- Information -
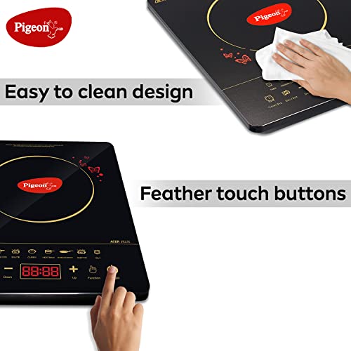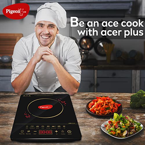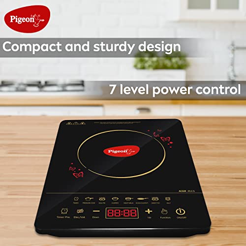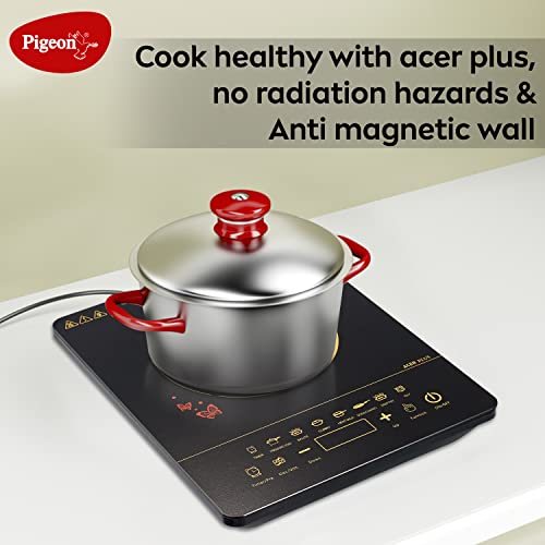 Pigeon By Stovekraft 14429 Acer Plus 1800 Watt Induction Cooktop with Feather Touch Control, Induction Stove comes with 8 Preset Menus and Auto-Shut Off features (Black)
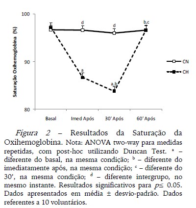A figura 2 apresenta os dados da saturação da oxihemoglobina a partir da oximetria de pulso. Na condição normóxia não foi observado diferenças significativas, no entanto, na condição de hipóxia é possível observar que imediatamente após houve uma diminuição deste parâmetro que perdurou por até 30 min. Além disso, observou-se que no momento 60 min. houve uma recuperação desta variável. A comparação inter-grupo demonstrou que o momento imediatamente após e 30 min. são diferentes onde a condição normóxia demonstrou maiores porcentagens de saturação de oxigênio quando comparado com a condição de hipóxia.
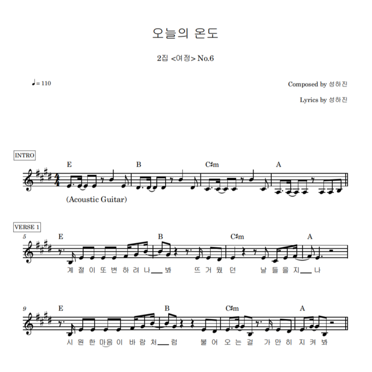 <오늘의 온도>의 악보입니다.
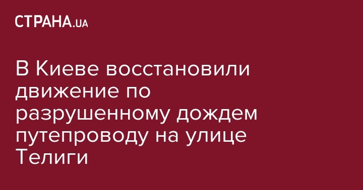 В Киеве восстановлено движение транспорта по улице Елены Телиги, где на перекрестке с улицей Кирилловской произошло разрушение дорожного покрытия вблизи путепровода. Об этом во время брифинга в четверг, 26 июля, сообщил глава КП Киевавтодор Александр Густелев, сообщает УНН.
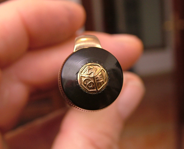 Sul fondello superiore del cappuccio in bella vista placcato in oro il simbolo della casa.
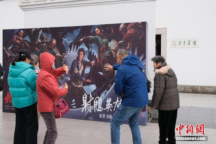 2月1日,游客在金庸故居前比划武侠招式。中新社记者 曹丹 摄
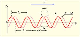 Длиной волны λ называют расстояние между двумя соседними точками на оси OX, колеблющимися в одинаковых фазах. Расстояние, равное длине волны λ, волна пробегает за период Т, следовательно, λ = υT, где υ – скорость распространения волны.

- Exercise objective -
Copy word for word the lines above, starting at the line containing "A figura 2 apresenta" and ending at the line containing "<오늘의 온도>의 악보입니다.", inclusive, with no pictures.

- Exercise response -
A figura 2 apresenta os dados da saturação da oxihemoglobina a partir da oximetria de pulso. Na condição normóxia não foi observado diferenças significativas, no entanto, na condição de hipóxia é possível observar que imediatamente após houve uma diminuição deste parâmetro que perdurou por até 30 min. Além disso, observou-se que no momento 60 min. houve uma recuperação desta variável. A comparação inter-grupo demonstrou que o momento imediatamente após e 30 min. são diferentes onde a condição normóxia demonstrou maiores porcentagens de saturação de oxigênio quando comparado com a condição de hipóxia.
 <오늘의 온도>의 악보입니다.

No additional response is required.